Managing Apps
The Apolo platform provides a rich catalog of applications to support your entire MLOps lifecycle.
Installable applications in Apolo platform are made of various shapes and forms. Some of them are acting mostly as a metadata holders only to be consumed by other applications, like Huggingface or DockerHub apps. Others might be a full-fledged platforms with internal workload management and scheduling like N8n or Dify.
This guide is an overview of applications lifecycle management that include catalogue exploration to find needed application, it's installation, reconfiguration, debugging and cleanup when not needed.
Explore available apps
The "All Apps" page is your central hub for discovering applications available on the platform.
Navigate to the Apps section from the main menu on the left.
You will see the All Apps page, which displays a catalog of available applications like Jupyter, Stable Diffusion, MLFlow Core, and many more.
Scroll through the list to see all available options.

Application list page Each application card has an Explore button. To learn more about an application before installing it, click Explore.
This will take you to the application's detail page, where you can find:
A detailed description of the app.
Version picker.
Various links to related materials like Documentation and References.
A list of Related applications — applications that work together with the current one.

MLFlow application explore page
Install app
You can install an application directly from the Apolo web console or using CLI.
A common installation flow includes selection of Application and it's version, filling in required configurations and triggering the installation. Under the hood, just like with jobs, many things happens — from resources allocation and infrastructure setup to scheduling and monitoring.
Locate the application you wish to install in the All Apps list.
Click the Install button on the application's card to install the latest app version. Alternatively, if you wish to install an older version, click Explore button, select needed version and click install being on this page. This will redirect your browser to installation window.
You will be directed to the installation configuration page. Here, you must define the parameters for your app deployment.
Fill in the required fields. Common parameters include:
Resource Preset: Choose the CPU, memory, and GPU resources for your application components. Clicking this field opens a modal where you can select from a list of available presets in current environment.
Storage and Networking: Configure storage mounts and networking settings like HTTP authentication if needed.
Metadata: Assign a unique name to your application instance.

Installation page for Jupyter app
After configuring all the necessary parameters, click the final Install button at the bottom of the page to deploy the application. You will be redirected to that app instance's Details page.
Manage installed app
Once an application is installed, you can manage it from the "Installed Apps" tab.
On the main Apps page, click the Installed Apps tab.
This page lists all applications currently running in your selected project.
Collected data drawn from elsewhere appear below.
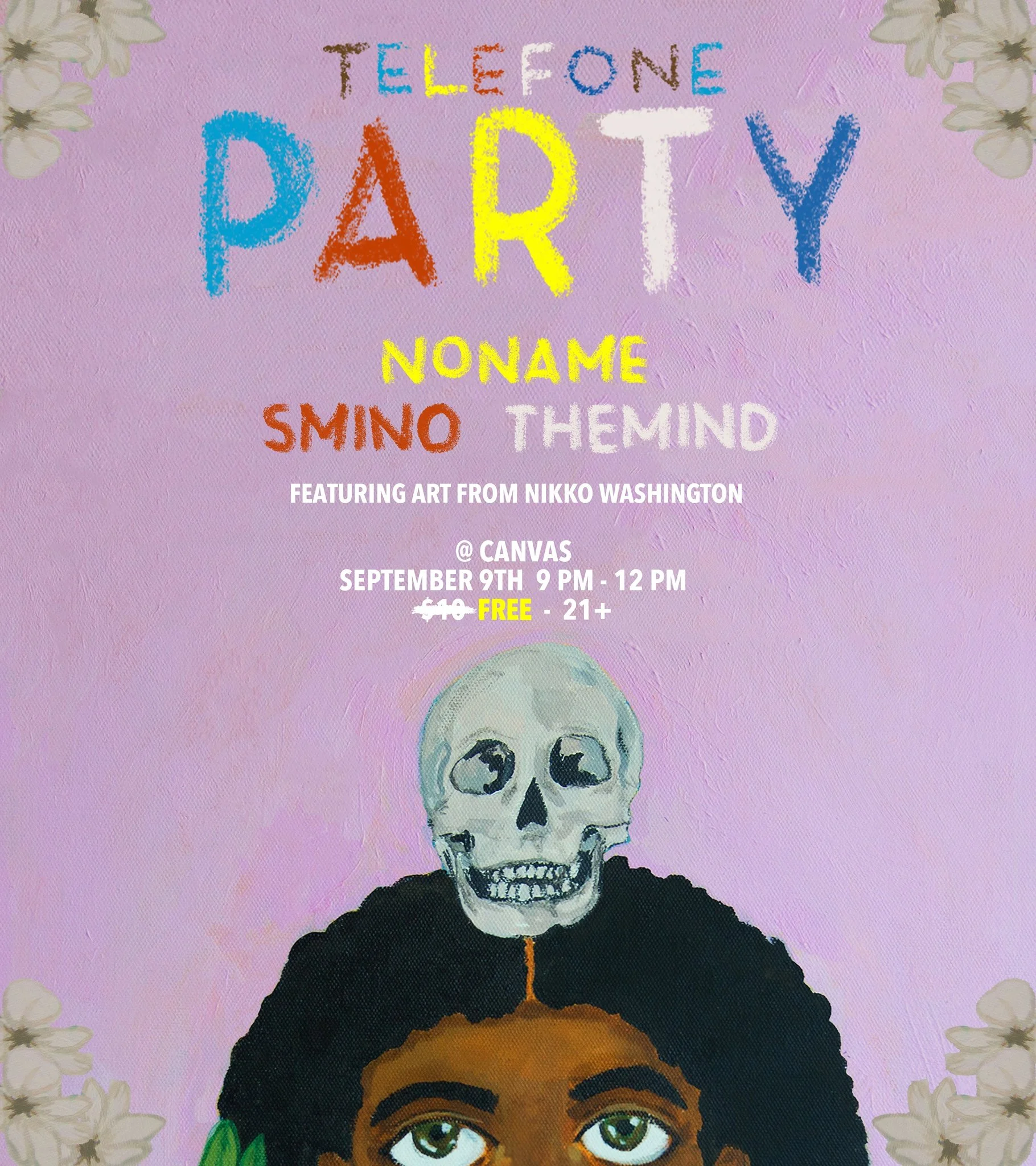 Sept. 9: Telefone Party with Noname, Smino, theMIND Friday, September 9, 2016 9:00 PM 11:59 PM 21:00 23:59 Canvas 2313 W North Ave Chicago, IL (map) Google Calendar ICS View fullsize Doors: 9:00PM | FREE with RSVP | 21+Telefone Party with Noname, Smino, theMINDFeaturing Art from Nikko Washington RSVP
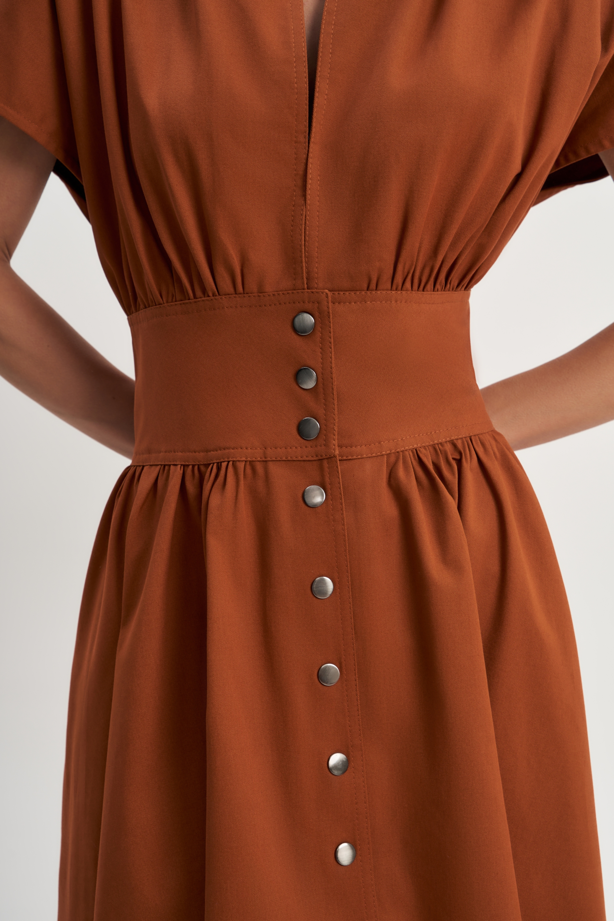 Силуэт с широкими плечами, подчёркнутой талией и лёгкой, плавно расходящейся к низу юбкой формирует классические «песочные часы» — отсылку к легендарному стилю 50-х годов.
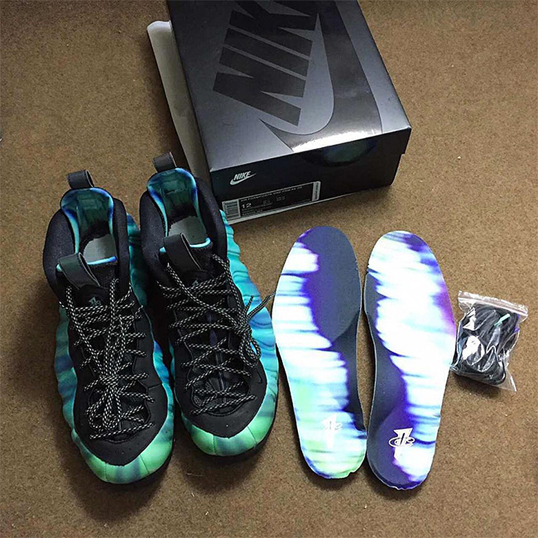 Deux jeux de lacets accompagneront cette Nike Air Foamposite « Northern Lights ».
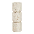 The Tibor large candle holder is crafted from travertine featuring a stacked design in natural shades of white, tan, cream, and rusty varieties.
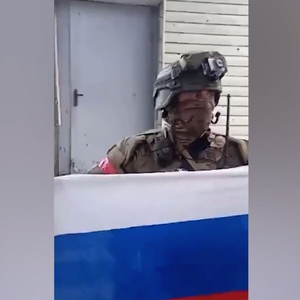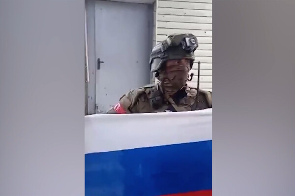 На кадрах видно, как российский боец держит в руках флаг. На следующем снимке отчетливо видны таблички государственных учреждений Рыжевки — местного сельского совета и библиотеки.

Each app card displays its status transitions (e.g., Healthy, Degraded).
Click the Details button on the card of the application you want to inspect and manage.
Application details
The application's details page provides comprehensive information about the running instance:
Details tab: Shows metadata like app type, version, instance ID, owner, inputs and outputs, e.g.
Observability tab: Allows user to check application instance status changes, open monitoring dashboards and fetch debugging information in case of issues.
Log tab: View real-time and historical logs from the application to monitor its behavior and troubleshoot issues.
Application configuration
After installing the app, you can update it's inputs and display name as needed. For it, navigate to application details page and click Configure button. Here you will be displayed current input values used to run the application.

Some of the input values cannot be reconfigured like PostgreSQL server version due to compatibility and not to break the application instance. You might not be able to edit those inputs. If you are forced to change such parameter, you will need to reinstall the application.

Always check application inputs description before re-configuring the application, since we can not forecast update impact for all cases (consider changing server version that uses ORM without running the migration).
If something goes wrong during the update, consider rolling back to the previous inputs version by performing reconfiguration using previous inputs.
Use installed app
After installing an application, you can use it depending on its type. Some of the apps do not provide any direct usage endpoints as mentioned above, like DockerHub app. Check particular application documentation in Available apps to see it's usage examples.
Apps with Web Interfaces
For applications with web interfaces (like Jupyter, Stable Diffusion, Fooocus, OpenWebUI, VS Code, etc.):
Navigate to the Installed Apps page and click Details on the desired application.
Click the Open App button at the top of the app details page to launch the application in a new browser tab.
API-only apps
For API-only applications (like LLM inference models, embeddings services):
Navigate to the Installed apps page and click Details on the desired application.
On the "Details" tab, scroll down to the Output section.
Look for an HTTP API entry that contains the API endpoint URL.
Copy the Hostname URL to use in your API calls.
Uninstall app
To uninstall the application instance, navigate to it's Details tab and click the Uninstall button. This action requires write permission to the project.
If the application has dependent apps (other apps that consume inputs from this application), the uninstall will not be allowed unless forced by the user. In this case, cascade apps removal will be performed, therefore, use with caution!